▶ ACTION ITEM: Reproduce exactly the lines of the material beneath, from the line that contains "Лента атласная, 40" to the line that contains "夏季新款韩版时尚水钻包头后空凉鞋女方头粗跟玛丽珍凉鞋女", both included, and no other lines.

▶ ENTRIES SUPPLIED:
+++++

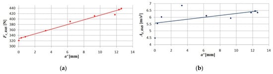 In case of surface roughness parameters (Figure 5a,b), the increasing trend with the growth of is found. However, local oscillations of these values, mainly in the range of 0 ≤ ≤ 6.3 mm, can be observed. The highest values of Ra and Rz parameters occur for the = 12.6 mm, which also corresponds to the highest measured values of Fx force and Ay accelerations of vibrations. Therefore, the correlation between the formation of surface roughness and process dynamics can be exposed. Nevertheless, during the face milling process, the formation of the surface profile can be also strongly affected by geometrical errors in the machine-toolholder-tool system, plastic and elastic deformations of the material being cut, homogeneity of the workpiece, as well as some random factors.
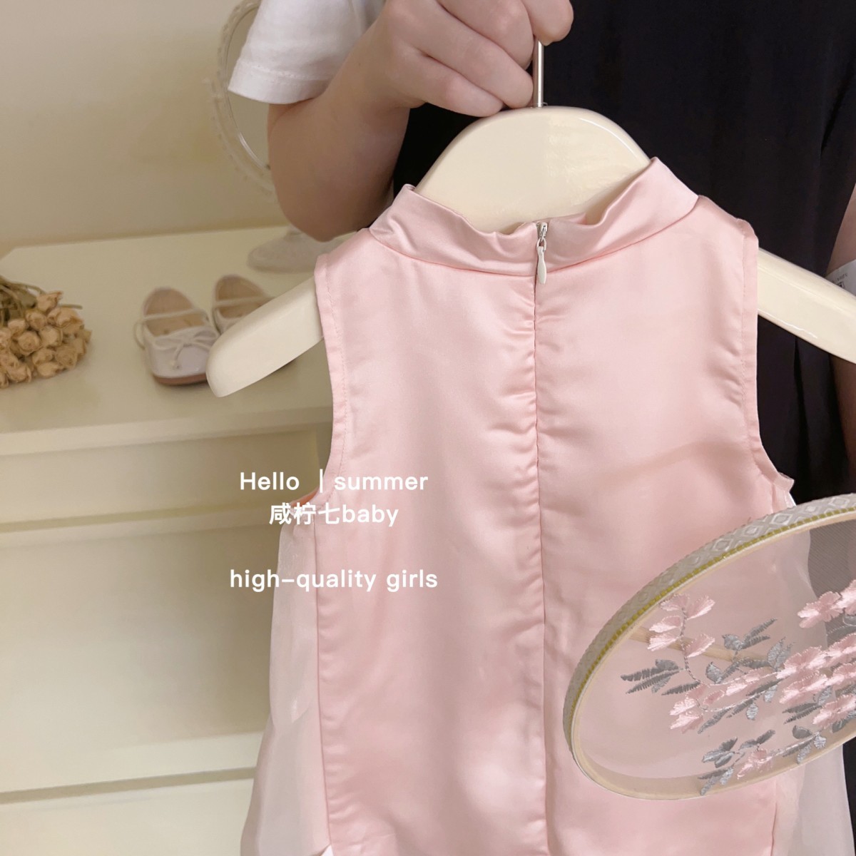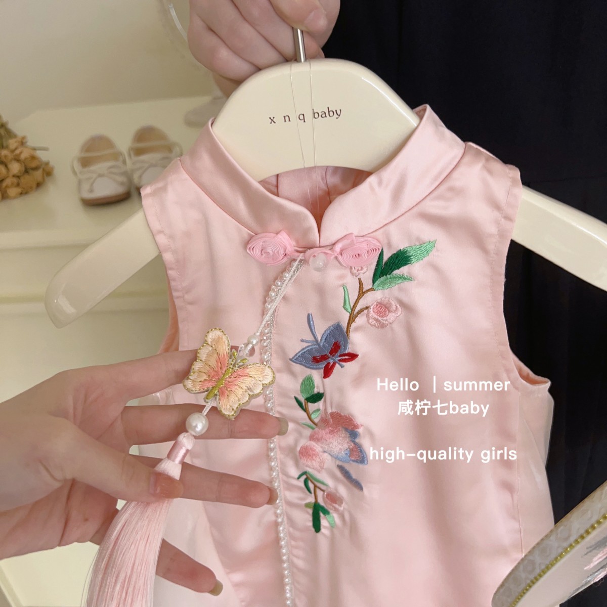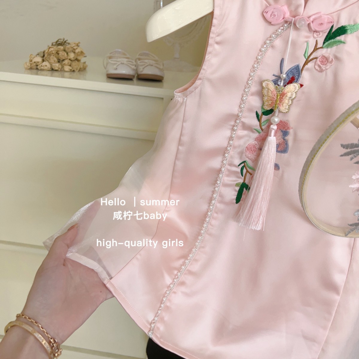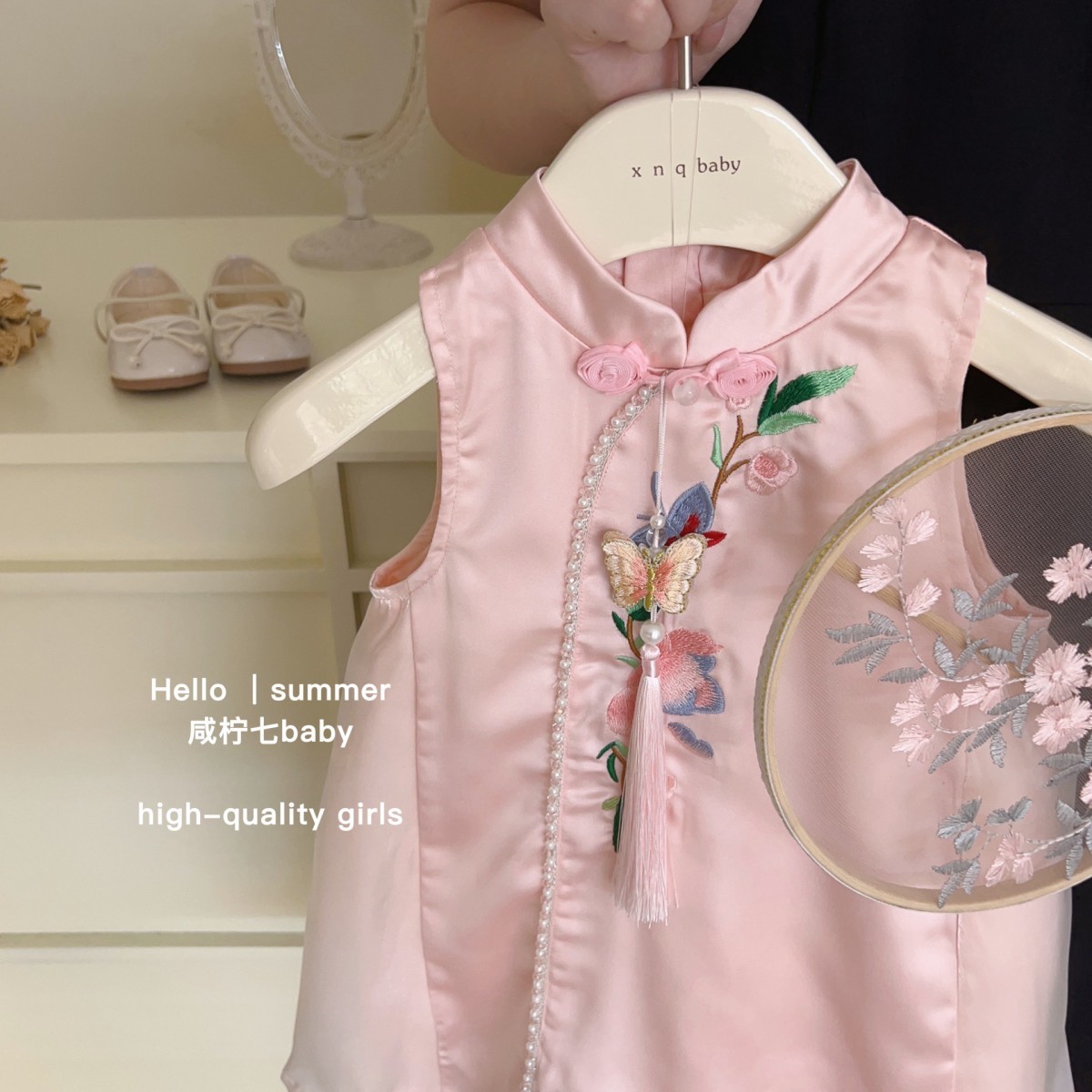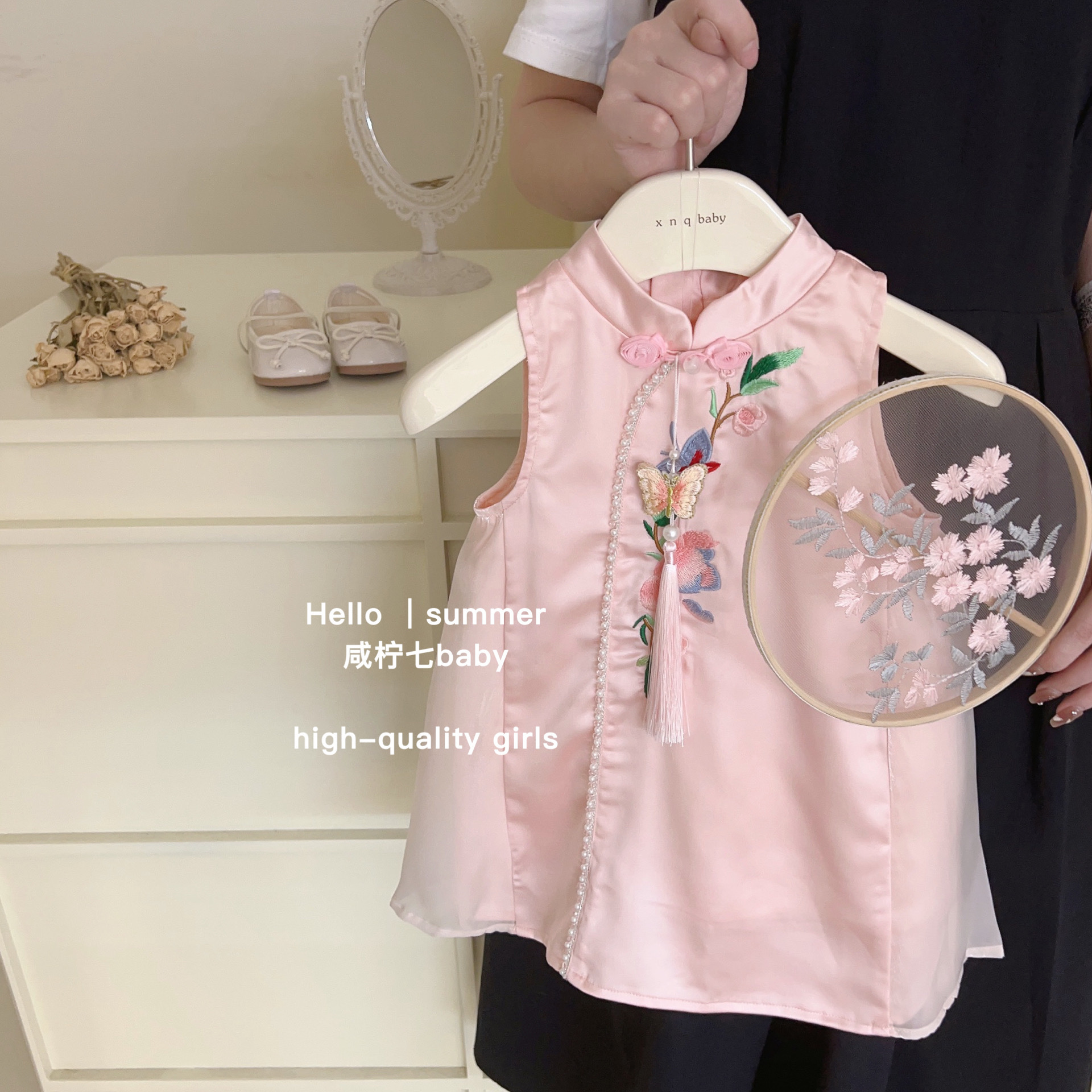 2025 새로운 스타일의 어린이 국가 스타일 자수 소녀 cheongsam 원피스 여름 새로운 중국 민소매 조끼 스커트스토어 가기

+++++

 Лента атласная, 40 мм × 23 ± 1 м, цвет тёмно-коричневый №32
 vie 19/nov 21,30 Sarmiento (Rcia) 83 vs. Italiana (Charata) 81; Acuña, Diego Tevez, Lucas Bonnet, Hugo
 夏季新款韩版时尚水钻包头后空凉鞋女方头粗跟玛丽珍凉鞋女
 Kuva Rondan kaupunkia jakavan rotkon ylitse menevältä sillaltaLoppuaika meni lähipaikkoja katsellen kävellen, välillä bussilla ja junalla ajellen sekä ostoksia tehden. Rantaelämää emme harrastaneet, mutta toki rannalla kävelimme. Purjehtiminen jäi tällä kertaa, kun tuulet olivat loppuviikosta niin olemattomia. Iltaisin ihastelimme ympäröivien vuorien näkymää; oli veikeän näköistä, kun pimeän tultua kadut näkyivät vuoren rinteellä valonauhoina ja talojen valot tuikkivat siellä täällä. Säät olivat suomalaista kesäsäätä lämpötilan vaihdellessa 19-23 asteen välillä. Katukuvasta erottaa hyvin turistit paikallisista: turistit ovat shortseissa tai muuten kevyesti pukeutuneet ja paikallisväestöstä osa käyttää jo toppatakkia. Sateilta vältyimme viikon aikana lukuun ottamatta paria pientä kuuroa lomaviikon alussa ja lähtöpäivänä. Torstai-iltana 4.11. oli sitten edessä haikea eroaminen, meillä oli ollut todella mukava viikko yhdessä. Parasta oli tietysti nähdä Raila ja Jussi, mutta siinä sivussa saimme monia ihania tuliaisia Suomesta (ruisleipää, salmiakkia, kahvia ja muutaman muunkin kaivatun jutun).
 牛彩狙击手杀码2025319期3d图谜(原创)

+++++

▶ EXPECTED ANSWER:
 Лента атласная, 40 мм × 23 ± 1 м, цвет тёмно-коричневый №32
 vie 19/nov 21,30 Sarmiento (Rcia) 83 vs. Italiana (Charata) 81; Acuña, Diego Tevez, Lucas Bonnet, Hugo
 夏季新款韩版时尚水钻包头后空凉鞋女方头粗跟玛丽珍凉鞋女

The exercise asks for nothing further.